Sunset at Stonington Point, April 3, 2019
Life is fast digital and no longer recorded on film, it shoots off to the “cloud”, sometimes, never to be seen again.
I like to take pictures to record the world around me. For me, it’s a practice that is grounding and puts me in the present moment. I recently started to mix in some analog film photography with my digital work, like the image above of the boat at sunset at Stonington Point. Shooting film with my old Nikon cameras instead of my turbocharged digital cameras have slowed things down and allowed me to be more “in the moment” and have a real sense of the “decisive moment” when the shutter clicks. Many say there is no difference between film vs digital or records and a turntable vs Spotify or Pandora. One thing is for sure, analog is not immediate and it takes more time. Perhaps that is why film feels more real because you have to invest the time and energy on every shot. There are many parallels in our digital lives and bodies. Our body sometimes wants to go digital and have the quick way. How can we bring back our analog body and take the time to decompress and make space within? Our fast-paced digital lives do not always allow us to feel what is happening inside our body – we can hardly tell that things are changing and compressing until it’s too late. Here are just 5 potential ways to decompress and get back in touch with your analog body. Please feel free to send me all the other ways you know or are experimenting with to decompress.
1) Go Analog
Analog waves are smooth and continuous, digital waves are stepping, square, and discrete. Digital lives are compressed, that’s how they fit more and more data into smaller chips, by compressing. Analog is smooth and continuous, it’s free and out in the open…not stored away in a virtual cloud. Start a small practice that is more analog than digital. Some possibilities are using a pen and paper more often, maybe to keep a journal. Shoot some film in your old camera and have it developed at ABC Photo in Olde Mystic (they still develop film). Send someone a card instead of an email…you get the idea 🙂
Compression is felt most often in your spine, the second most often may be your hips. Learn to hang from a bar or door gym and get a sense of making space between your vertebrae. It takes some practice to actually decompress all the way down to your lower back. An inversion table may be another way to go…

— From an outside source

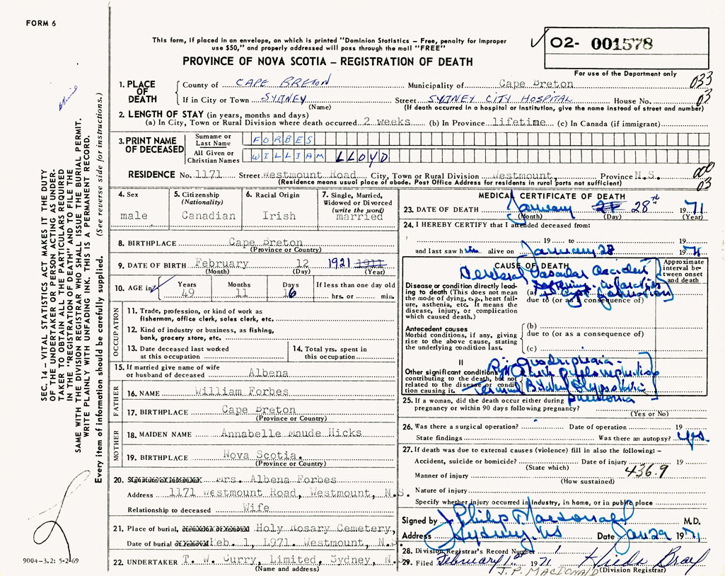 1. PLACE OF DEATH County of Cape Breton If in City or Town Sydney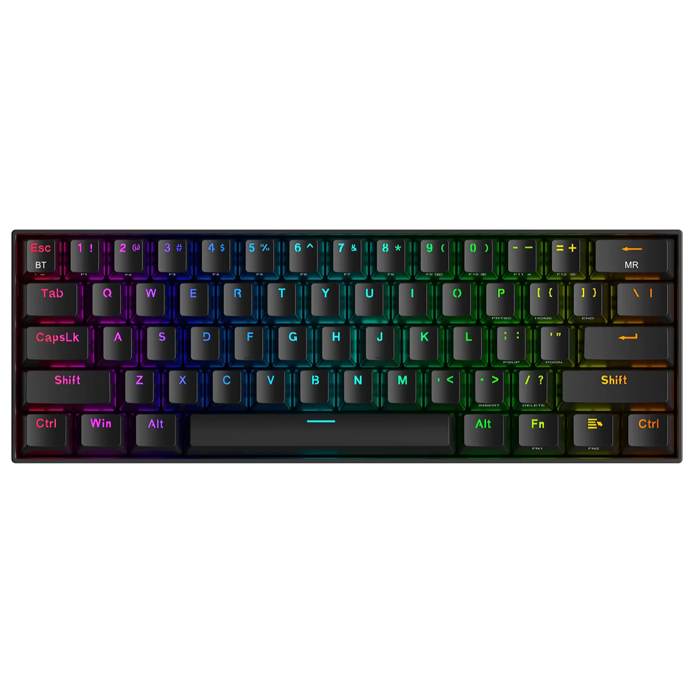Hot-swappable with almost all switch types in the market no matter 3-pin or 5-pin. Redragon K530 mini wireless gaming keyboard is equipped with pluggable OUTEMU red switches, which are linear, top-to-bottom switches. These switches require less force to press down and the keys feel smoother and easier to use. No tactile “bump” but responsive. A great choice for work and play!

3) Get supine on your spine.
Supine is laying face up on the ground. The body is supposed to decompress while we sleep but we do not always have a good nights rest or we may sleep in contorted positions that are not conducive to decompression. Take 10 or 15 minutes every day to lay on the ground and use your awareness to actually relax every muscle until you get to the feeling of the bones releasing into the ground. The body has a way of seeking decompression but you have to set the stage and lie on it.
4) Have a drink
The spine is supposed to decompress while we sleep. One reason is that you are lying flat so gravity is not compressing; the other reason is that the discs between the spine bones get rehydrated and fill up with fluid while you sleep. Drink plenty of water throughout the day so the spine discs can pump up while you sleep.
5) Track Yourself
Fitbits, trackers and our Smartphones are constantly tracking us and counting our steps and whatever else but how often do you actually use that data? Try giving your digital trackers a break for a few weeks and see what happens. Track yourself. If you don’t worry about how many steps or how many miles you did on your walk, run or ride then maybe you will enjoy the scenery that much more. Track the fact that you did something and you enjoyed it…write it in on your analog wall calendar.